**EXERCISE:**
Since the copy must hold text only, transcribe the data below exactly and omit the images.

....

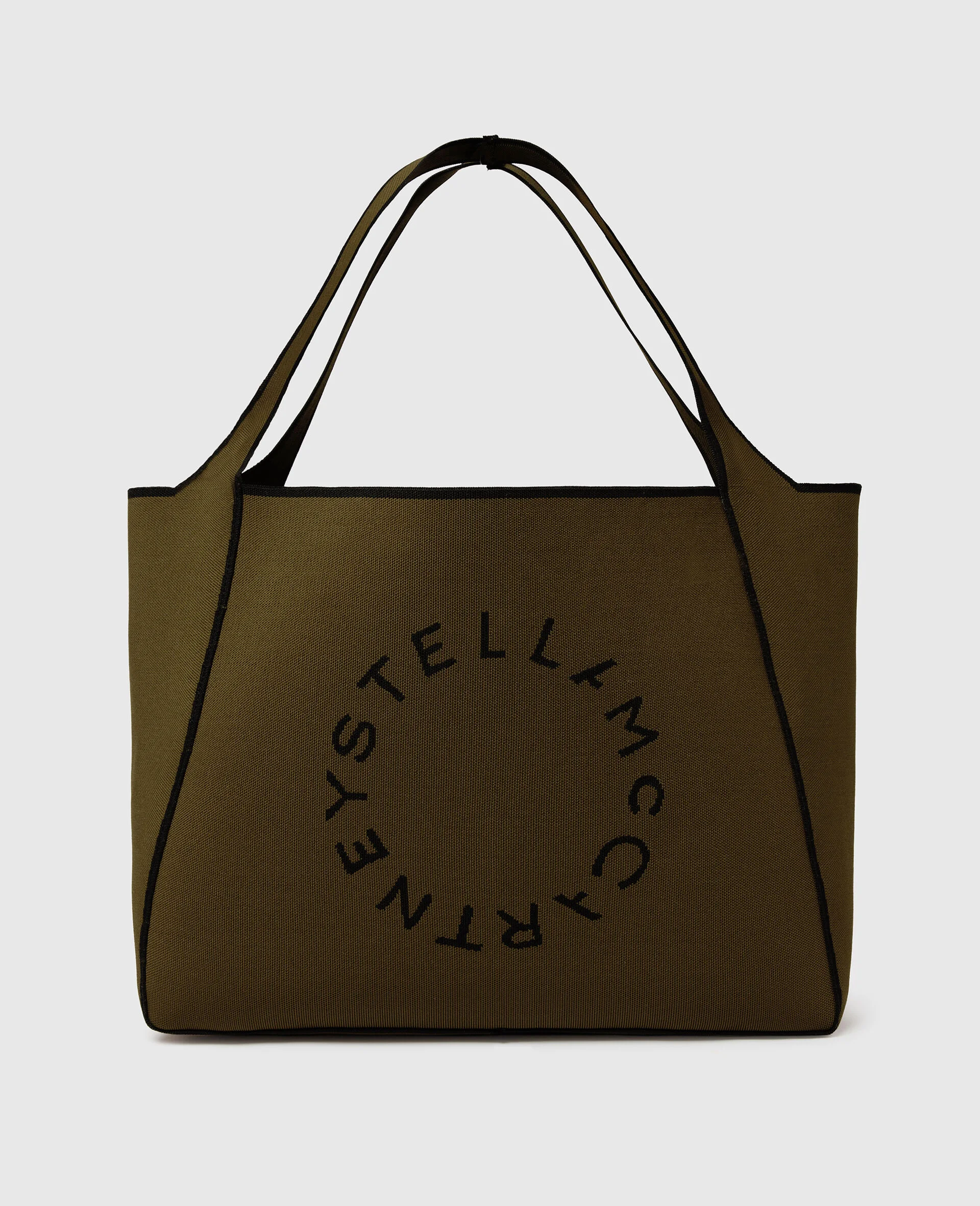 Item 502793WP05922942U A timeless example of the Stella Logo’s minimal design, this square tote bag from Stella McCartney has wear-anytime appeal. This black tote bag is made from a supple vegan alternative to animal leather, with a perforated circle logo at the front and a detachable inner pouch to effortlessly store essentials. - Color: Khaki - Comfortably fits all laptops and tablets alongside daily essentials. - Vegan alternative to animal leather sourced from recycled materials - Studded Stella McCartney logo on front - Contrast single topstitching - Two top handles - One main compartment - Detachable pouch inside - Recycled nylon lining - Engraved ruthenium logo medallion charm - Handcrafted in Italy Product Care & Fit Advice - Care: Spot clean only with soft damp cloth. - Composition: 56% Polyester, 38% polyamide, 4% elastane 8.7 (L) x 1.2 (W) x 4.7 (H) x 20.9 (STRAP LIGHT) in
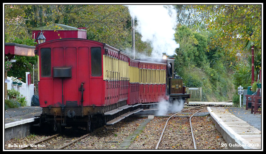 The smoke clears as 'Caledonia' crosses the main road and heads to Castletown
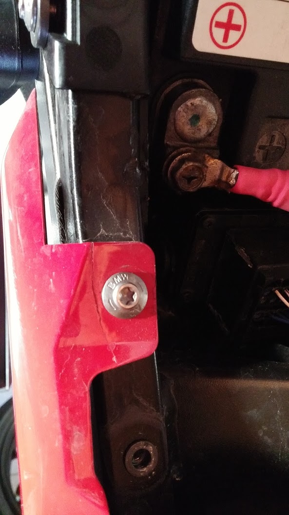 Die rote Heckverkleidung ist dort ja mit der Schraube befestigt. Hier sieht man knapp links von der Schraube einen fast senkrechten Strich/Riss entlang gehend.
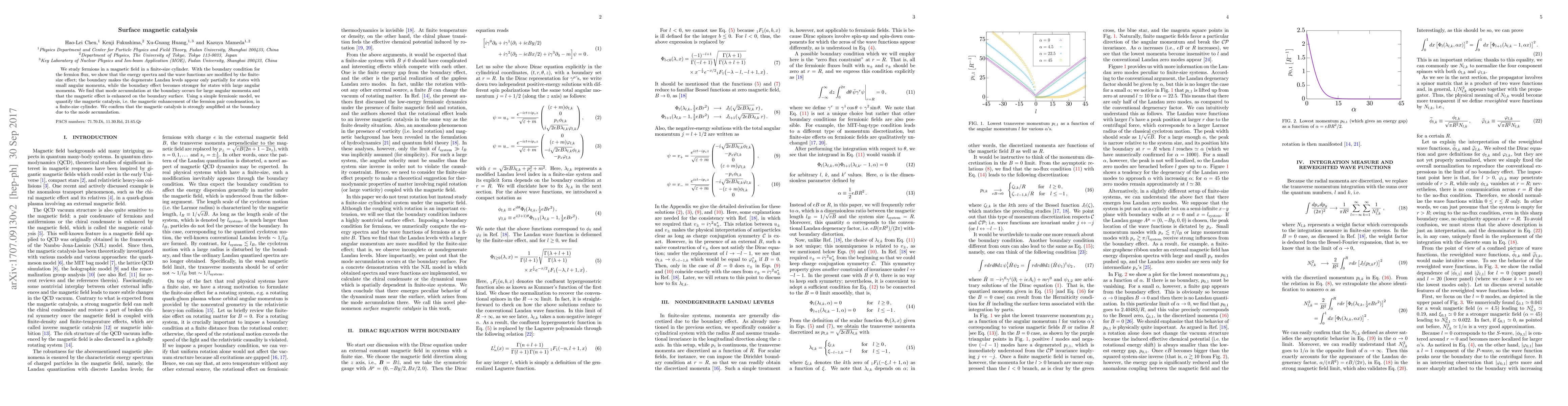 We study fermions in a magnetic field in a finite size cylinder. With the boundary condition for the fermion flux, we show that the energy spectra and the wave-functions are modified by the finite size effect; the boundary makes the degenerate Landau levels appear only partially for states with small angular momenta, while the boundary effect becomes stronger for states with large angular momenta. We find that mode accumulation at the boundary occurs for large angular momenta and the magnetic effect is enhanced on the boundary surface. Using a simple fermionic model, we quantify the magnetic catalysis, i.e. the magnetic enhancement of the fermion pair condensation, in a finite size cylinder. We confirm that the magnetic catalysis is strongly amplified at the boundary due to the mode accumulation.
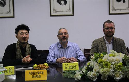 章轲简要介绍学院办学基本情况、办学特色,就音乐专业建设、音乐表演展开交流。Glemser教授和Hollop歌唱家分别讲述各自的艺术生涯、演出经历。

....

**OUTPUT OF THE TASK:**
 Item 502793WP05922942U A timeless example of the Stella Logo’s minimal design, this square tote bag from Stella McCartney has wear-anytime appeal. This black tote bag is made from a supple vegan alternative to animal leather, with a perforated circle logo at the front and a detachable inner pouch to effortlessly store essentials. - Color: Khaki - Comfortably fits all laptops and tablets alongside daily essentials. - Vegan alternative to animal leather sourced from recycled materials - Studded Stella McCartney logo on front - Contrast single topstitching - Two top handles - One main compartment - Detachable pouch inside - Recycled nylon lining - Engraved ruthenium logo medallion charm - Handcrafted in Italy Product Care & Fit Advice - Care: Spot clean only with soft damp cloth. - Composition: 56% Polyester, 38% polyamide, 4% elastane 8.7 (L) x 1.2 (W) x 4.7 (H) x 20.9 (STRAP LIGHT) in
 The smoke clears as 'Caledonia' crosses the main road and heads to Castletown
 Die rote Heckverkleidung ist dort ja mit der Schraube befestigt. Hier sieht man knapp links von der Schraube einen fast senkrechten Strich/Riss entlang gehend.
 We study fermions in a magnetic field in a finite size cylinder. With the boundary condition for the fermion flux, we show that the energy spectra and the wave-functions are modified by the finite size effect; the boundary makes the degenerate Landau levels appear only partially for states with small angular momenta, while the boundary effect becomes stronger for states with large angular momenta. We find that mode accumulation at the boundary occurs for large angular momenta and the magnetic effect is enhanced on the boundary surface. Using a simple fermionic model, we quantify the magnetic catalysis, i.e. the magnetic enhancement of the fermion pair condensation, in a finite size cylinder. We confirm that the magnetic catalysis is strongly amplified at the boundary due to the mode accumulation.
 章轲简要介绍学院办学基本情况、办学特色,就音乐专业建设、音乐表演展开交流。Glemser教授和Hollop歌唱家分别讲述各自的艺术生涯、演出经历。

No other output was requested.